The Department of Occupational and Environment Health, School of Public Health, Ningxia Medical University, 1160 Shengli Street, Xingqing District, Yinchuan 750004, People's Republic of China.
Shanghai Municipal Center for Disease Control & Prevention, Shanghai 200336, People's Republic of China.
Environ Toxicol Pharmacol. 2016 Mar;42:205-11. doi: 10.1016/j.etap.2016.01.018. Epub 2016 Jan 25.
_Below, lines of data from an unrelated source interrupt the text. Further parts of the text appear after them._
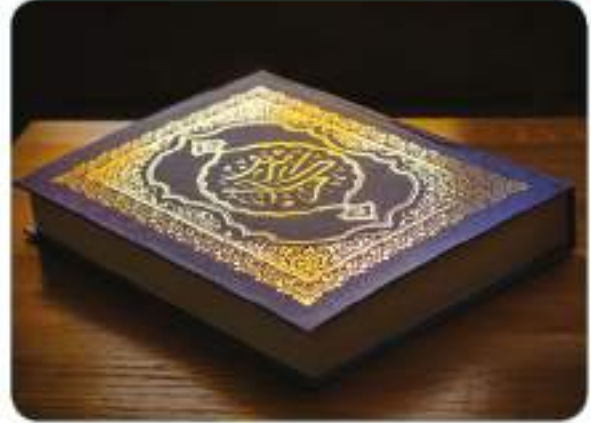
Hız. Peygamber (s.a.v.) zaman zaman Kur'an ayetlerini sahabilere açıklamıştır.

Kur'an-ı Kerim'de yer alan birçok ayette, Hız. Peygamber'in (s.a.v.) dindeki konumunu ve önemini ifade eden bilgiler yer alır. Mesela Nûr suresinde yer alan bir ayette şöyle buyrulur: "Allah'a itaat edin, Peygamber'e itaat edin." de. Eğer yüz çevirirseniz bilin ki ona yüklenen sorumluluğu ancak ona ait; size yüklenen görevin sorumluluğu da yalnızca size aittir. Eğer ona itaat ederseniz doğru yola erersiniz. Peygamber'e düşen ancak apaçık tebliğdir." 4 Aynı konuyu dile getiren başka bir ayette ise yine "Allah'a itaat edin, Peygamber'e de itaat edin..." 5 buyrulur Hız. Peygamber'e (s.a.v.) itaat etmenin dinî açıdan önemi vurgulanır. Bu ayetlere göre Allah'a (c.c.) itaat ile Peygamber'e (s.a.v.) itaat aynı anlama gelmektedir. Hız. Muhammed (s.a.v.), Allah'ın (c.c.) insanları karanlıklardan aydınlığa kavuşturmak amacıyla gönderdiği son peygamberdir. Dolayısıyla onun getirdiği ilkeleri benimsemek ve Hız. Peygamber'in (s.a.v.) uygulamalarını (sünneti) dikkate alıp yaşatmak, doğrudan Allah'ın (c.c.) dinine uymak demektir. Çünkü Hız. Muhammed (s.a.v.), Allah'ın (c.c.) dininin ve Kur'an'ın hem tebliğcisi, açıklayıcısı hem de uygulayıcısıdır. Onun uygulamaları, açıklamaları ve örnekliği olmadan dinî doğru anlamak mümkün olmaz.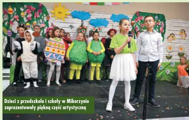
Dzieci z przedszkola i szkoły w Mikorzynie zaprezentowały piękną część artystyczną

utowane przez panie z KGW, a także pobłogosławił zebranych i złożył im życzenia. - Śniadanie wielkanocne ma wymiar religijny, bo gdyby Chrystus nie zmartwychwstał, nie byłoby tego śniadania. W tym roku przeżywamy i świętujemy to wielkie wy-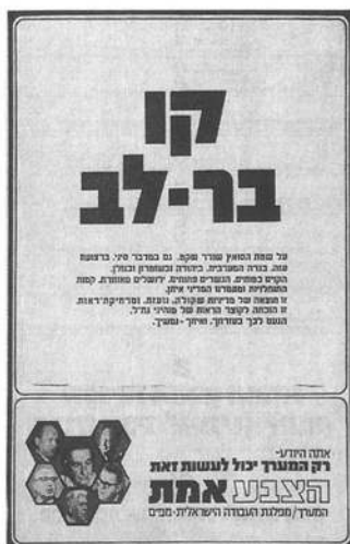
"קו בר-לב". מודעת בחירות של המערך, 'הארץ', 19.9.73.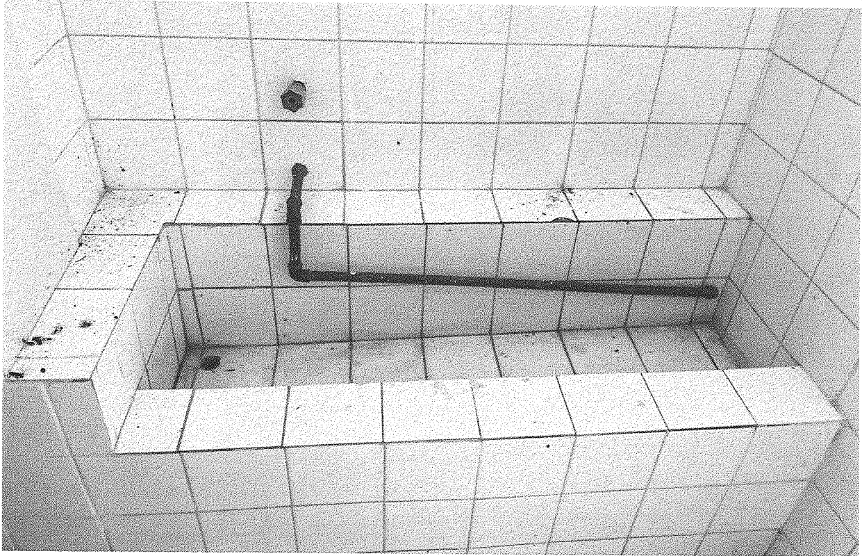
Imagem 09 – Mictório do estádio.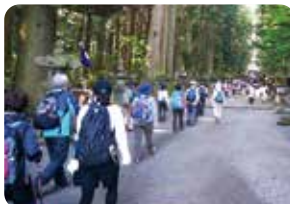
すぎなみ区民歩こう会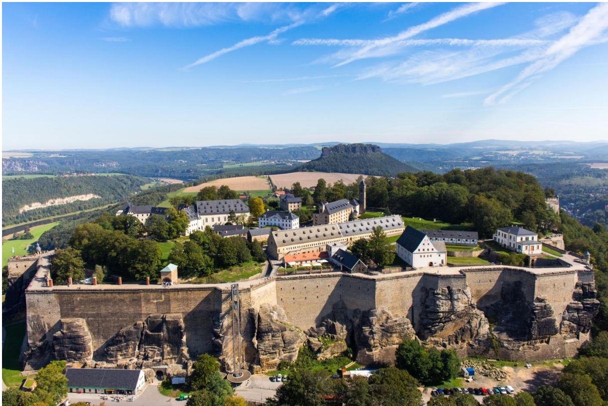
Auf der Festung Königstein in der Sächsischen Schweiz.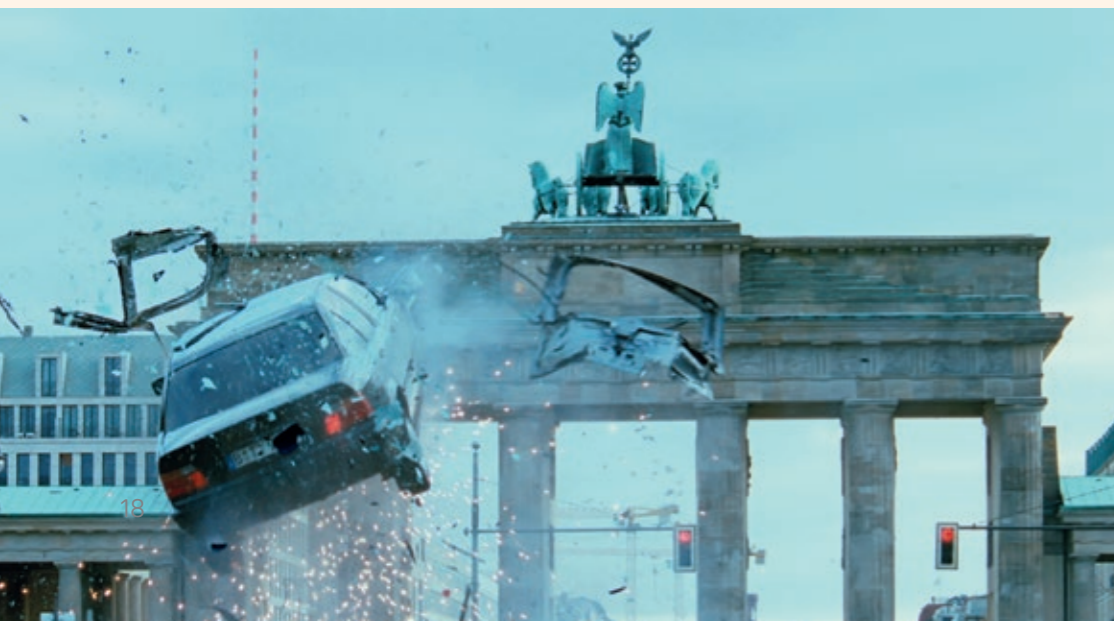
Bollywood in Berlin – der indische Megastar Shah Rukh Khan dreht für „Don 2“ eine packende Verfolgungsjagd am Brandenburger Tor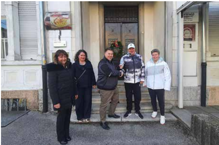
Primopredaja ključev Gostišča Križnič.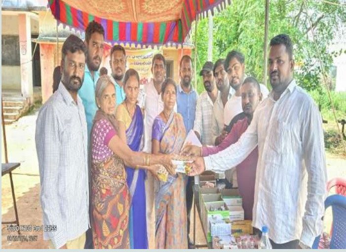
(ప్రజా జ్యోతి సెప్టెంబర్ 28/ తలకొండపల్లి)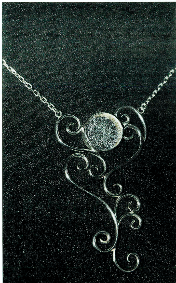
TR1:n näyttelyssä selkäriipuksen etupuolella on tasapainottajana lasilla koristettu riipus dekoltepuolella.

KORU – Pirkanmaa muotoilee V -näyttely TR1 Taidehallissa (Väinö Linnan aukio 13, Tampere) 16. marraskuuta saakka.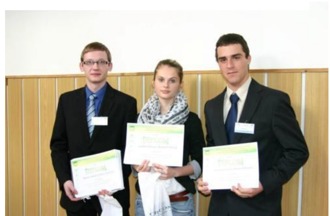
Úspešní žiaci na okresnom a krajskom kole SOČ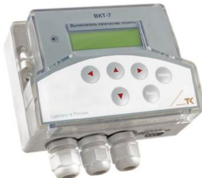
Рисунок 1 – Общий вид вычислителя

Общий вид вычислителя приведен на рисунке 1.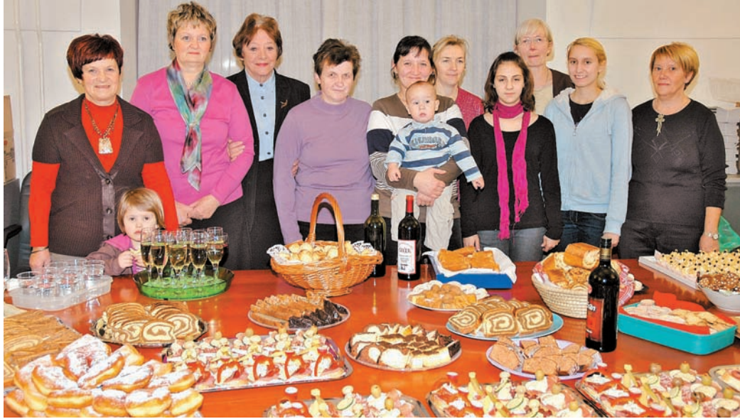
Neveljske klekljarice so s klekljanjem v okviru društva začele konec leta 2006 kot neveljska sekcija klekljarskega društva Čebulice Moste, od marca 2011 pa ustvarjajo v samostojnem društvu, imenovanem Veronike. Neveljske Veronike pa niso le ustvarjalne, spretno in marljive klekljarice, temveč tudi odlične gospodinje in gostiteljice, saj so obiskovalce odprta razstava v občinski hiši pogostile s slastnimi domačimi dobrotami.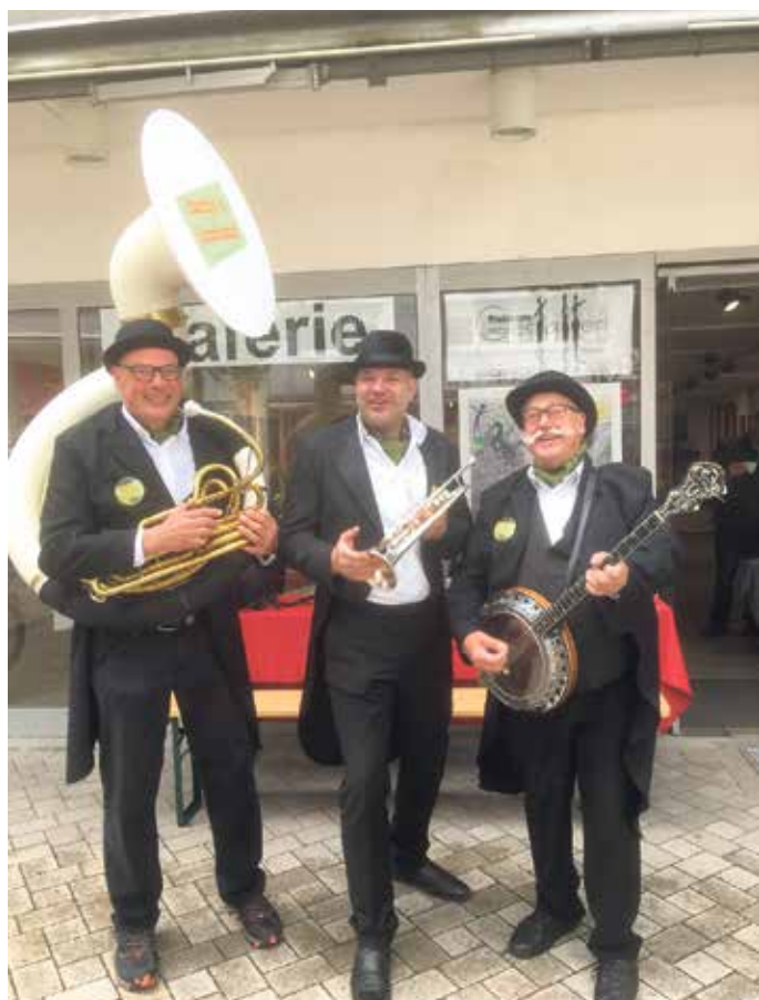
An allen drei Tagen des Bad Driburger Weinfestes spielt das Trio Hardy's Jazz Band eine bunte Mischung aus traditionellem Jazz und Dixieland - live und unplugged ziehen sie durch die Straßen.

Einrichtungshaus Maas GmbH & Co KG Lange Strasse 104a · 33014 Bad Driburg Tel.: 05253-2522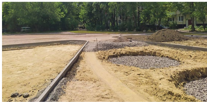
Строительство площадки на Турку, 22/5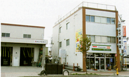
▲北見駅から徒歩約5分の便利な立地にあります

7月頃に船を貸し切り、社員を含めて総勢10名ほどでオホーツク海へ。毎回30~40cmほどのキレイをたくさん釣って帰ってきます。ちなみに私のこだわりは、手回りのリールです。周りの皆さんは電動リールを使っていますが、私はこの方が釣った達成感が味わえて好きですね。ただ、40~50mの海底から引き揚げるため、後半はいつものように筋肉痛で苦しめられています(笑)。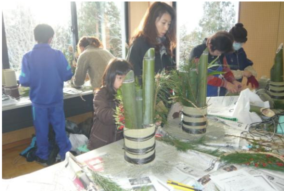
各自青竹を3本立ててみる。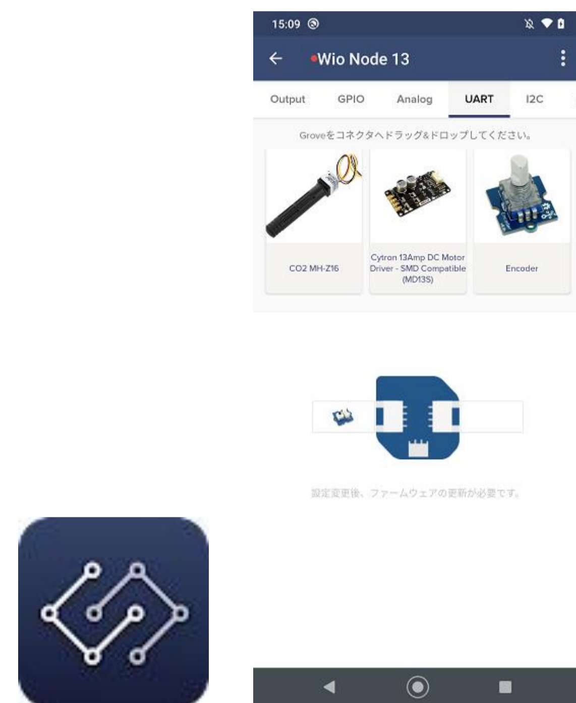
スマートフォン画面 (Wio Link Android App)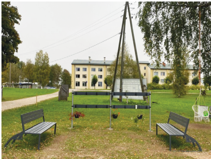
Attēlā: Kopienas iniciatīvu konkursa rezultātā labiekārtota BMX trases apkārtnē Vecpiebalgā.

Pateicoties projekta īstenošanai, BMX trases vide ir pielāgota sportistu vajadzībām un ērtībām, ko augstu novērtēja gan 20. jūlijā notikušā "Crystal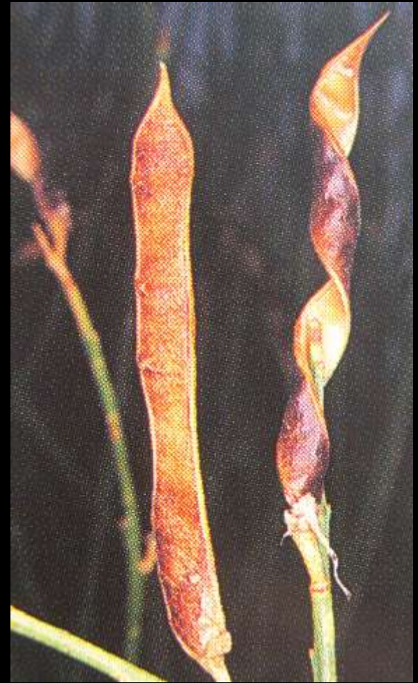
Spartium junceum L. κ. σπάρτο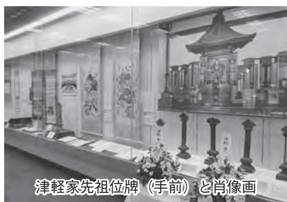
津軽家先祖位牌（手前）と肖像画

Paraquat (PQ) exposure influences central nervous system and results in serious neurotoxicity in vitro and in vivo. However, the role of PQ exposure in the development of CNS remains unclear. In present study, we investigated microRNAs (miRNAs) expression profiling and cell differential status following PQ treatment in human neural progenitor cells (hNPCs) as well as involved mechanism. Microarray profiling of miRNAs expression of PQ treated cell line and their corresponding control was determined. Differentially expression miRNAs were confirmed by quantitative real time PCR. Neural cell differentiation was performed with immunocytochemical analysis. Predicated target of miRNA was identified with luciferase reports and quantitatively analyzed using western blotting. Our results found PQ dramatically suppressed neural cell differentiation ability. 43 differentially expressed miRNAs were identified in PQ treated cells. The expression levels were over expressed in 25 miRNAs, whereas 18 miRNAs were suppressed. More importantly, we observed that miR-200a expression level to be lower in PQ treated cells. Luciferase assay and protein expression results confirmed the direct binding effect between CTNNB1 and miR-200a following PQ exposure. Collectively, our data suggested that down regulation of miR-200a in the PQ treated neural stem cell significantly participated in the differentiation processes and subsequently resulting in decreased cell viability, increased epithelial-mesenchymal transition process and the inhibited differential through CTNNB1 pathway.
百草枯(PQ)暴露会影响中枢神经系统,并在体外和体内导致严重的神经毒性。然而,PQ 暴露在中枢神经系统发育中的作用尚不清楚。在本研究中,我们研究了 PQ 处理后人类神经祖细胞(hNPC)中 microRNAs(miRNAs)表达谱和细胞差异状态以及相关机制。通过 miRNA 表达的微阵列分析确定 PQ 处理细胞系及其相应对照。通过定量实时 PCR 确认差异表达的 miRNAs。通过免疫细胞化学分析进行神经细胞分化。使用荧光素酶报告鉴定 miRNA 的预测靶标,并使用 Western blot 进行定量分析。我们的结果发现 PQ 显著抑制了神经细胞的分化能力。在 PQ 处理的细胞中鉴定出 43 个差异表达的 miRNAs。在 25 个 miRNA 中表达水平上调,而 18 个 miRNA 被抑制。更重要的是,我们观察到 PQ 处理细胞中的 miR-200a 表达水平较低。荧光素酶测定和蛋白表达结果证实了 PQ 暴露后 CTNNB1 和 miR-200a 之间的直接结合效应。总之,我们的数据表明 PQ 处理的神经干细胞中 miR-200a 的下调显著参与了分化过程,随后导致细胞活力降低、上皮-间充质转化过程增加以及通过 CTNNB1 途径抑制分化。